**DATASET SECTION:**
....................
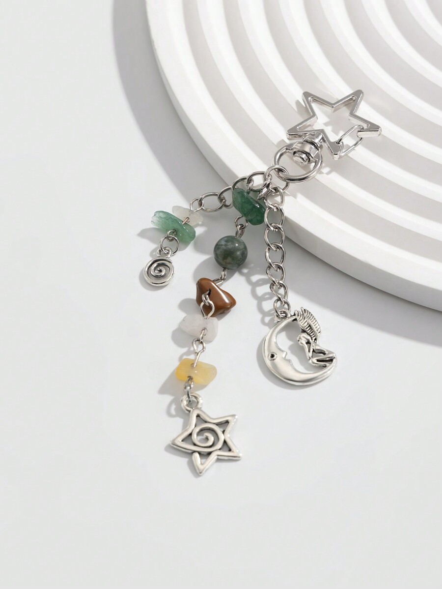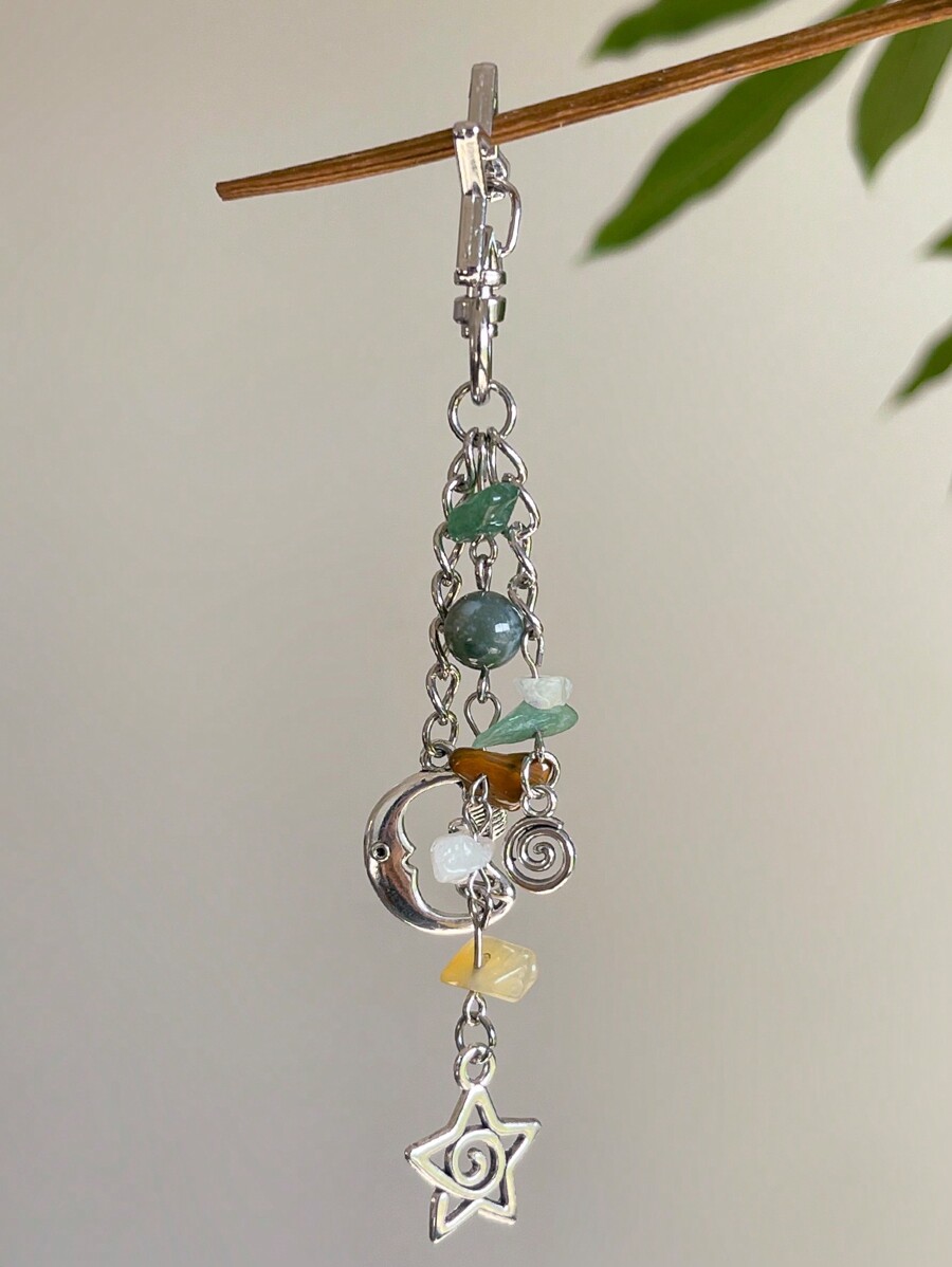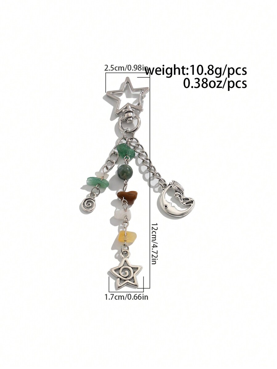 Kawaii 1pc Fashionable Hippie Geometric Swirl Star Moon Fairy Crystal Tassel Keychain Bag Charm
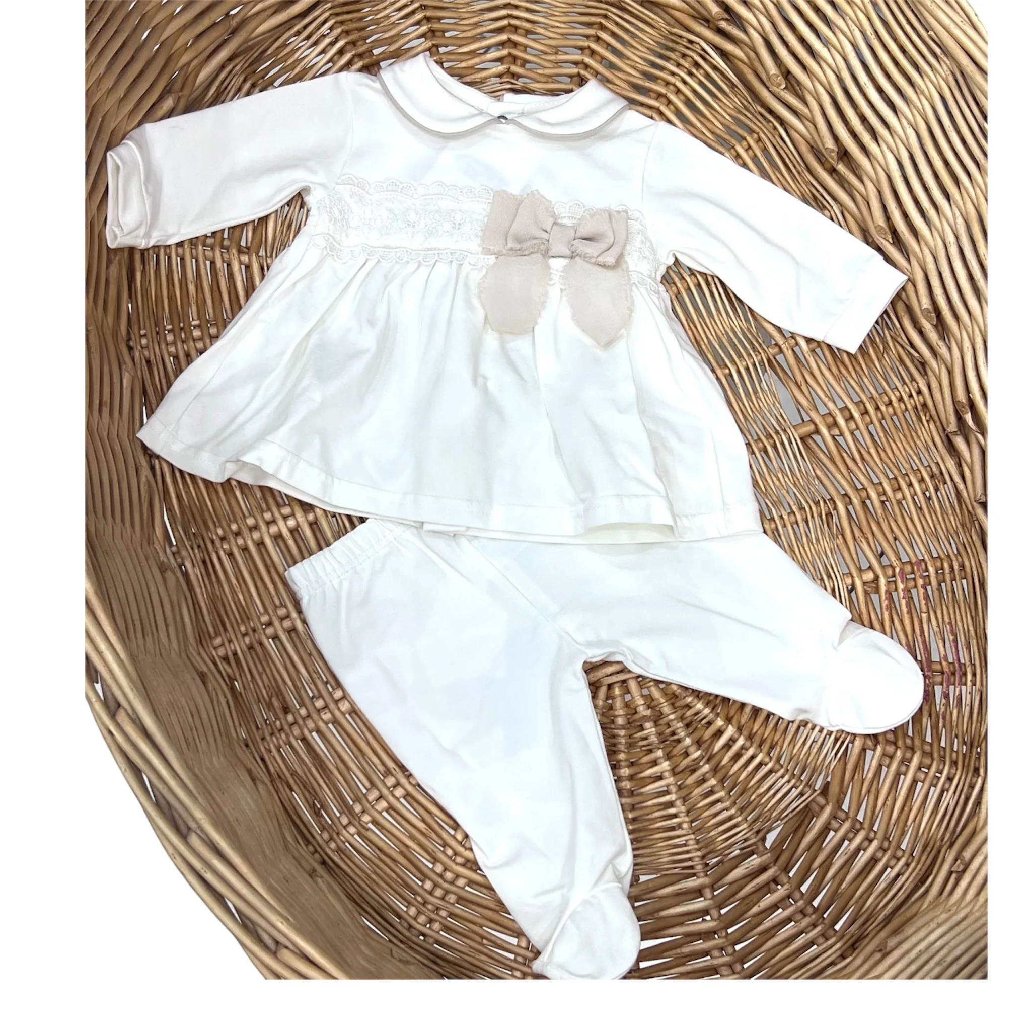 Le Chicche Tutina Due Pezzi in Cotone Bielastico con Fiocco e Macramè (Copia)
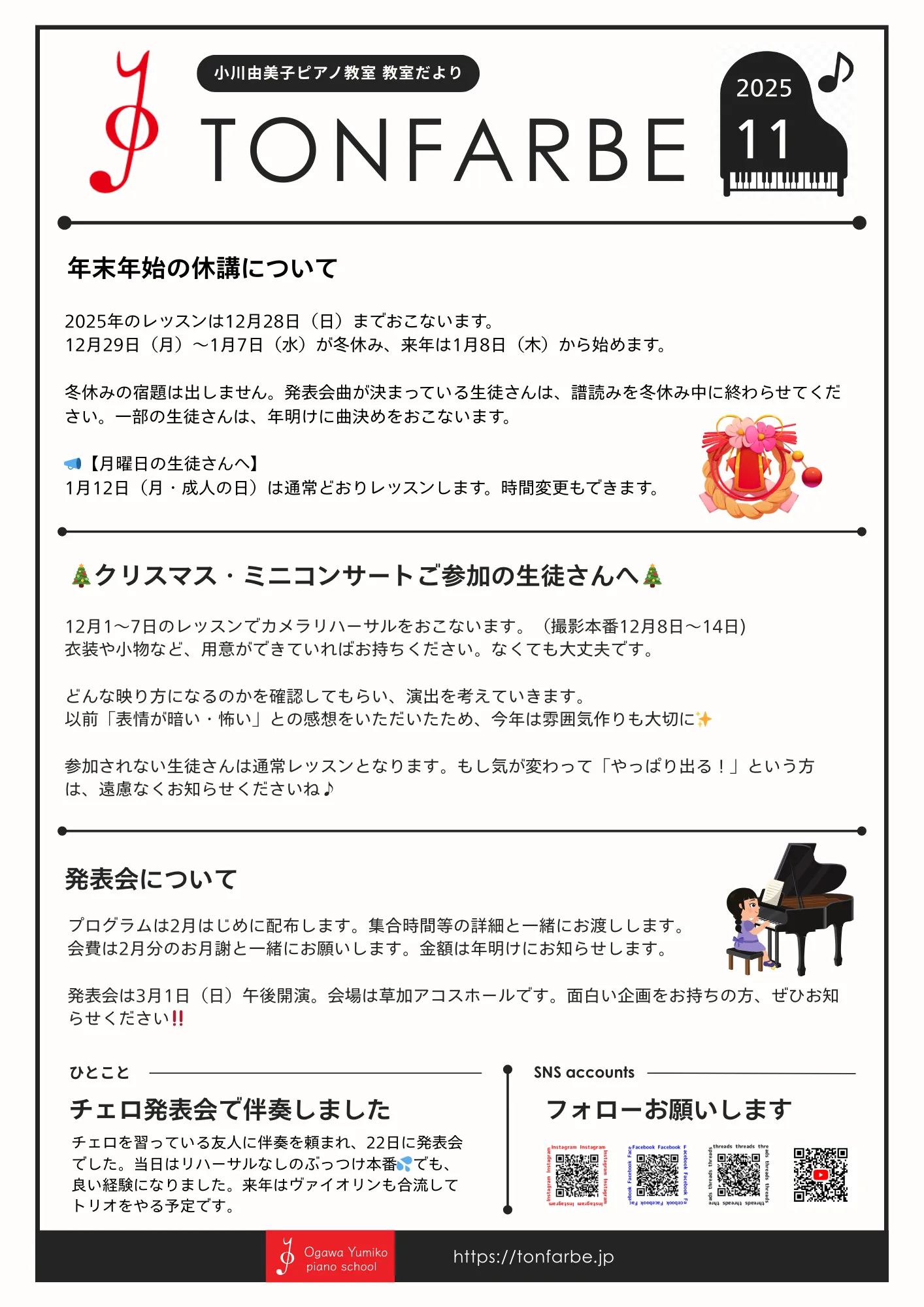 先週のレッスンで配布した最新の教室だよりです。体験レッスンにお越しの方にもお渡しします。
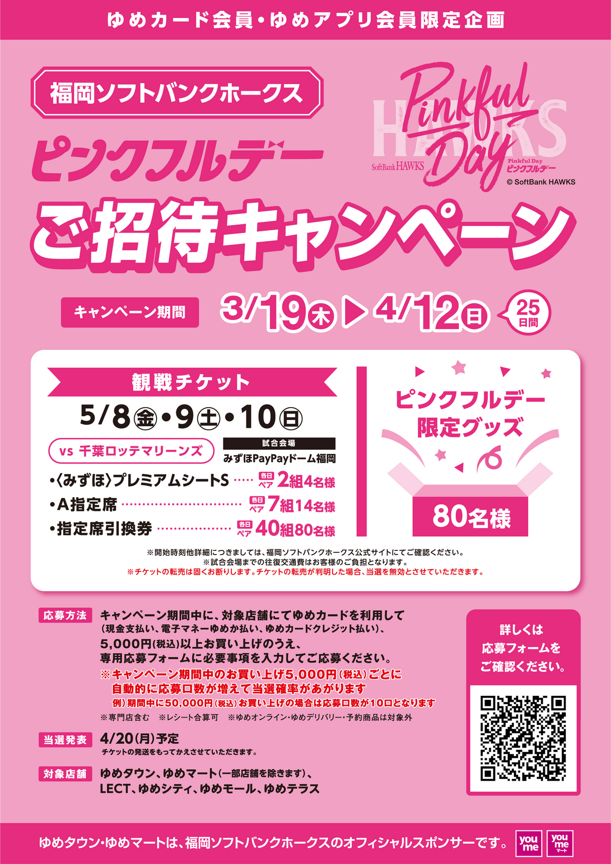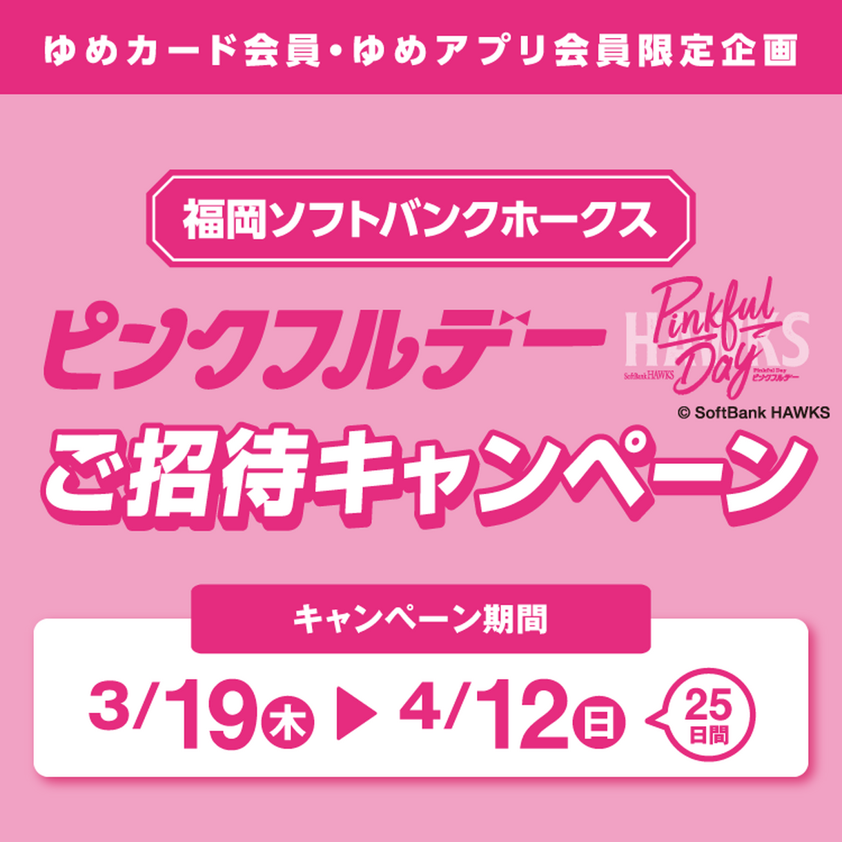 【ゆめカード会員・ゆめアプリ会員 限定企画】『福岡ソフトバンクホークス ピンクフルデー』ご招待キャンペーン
....................
The whole listing should be printed again exactly as written, images excluded.

 Kawaii 1pc Fashionable Hippie Geometric Swirl Star Moon Fairy Crystal Tassel Keychain Bag Charm
 Le Chicche Tutina Due Pezzi in Cotone Bielastico con Fiocco e Macramè (Copia)
 先週のレッスンで配布した最新の教室だよりです。体験レッスンにお越しの方にもお渡しします。
 【ゆめカード会員・ゆめアプリ会員 限定企画】『福岡ソフトバンクホークス ピンクフルデー』ご招待キャンペーン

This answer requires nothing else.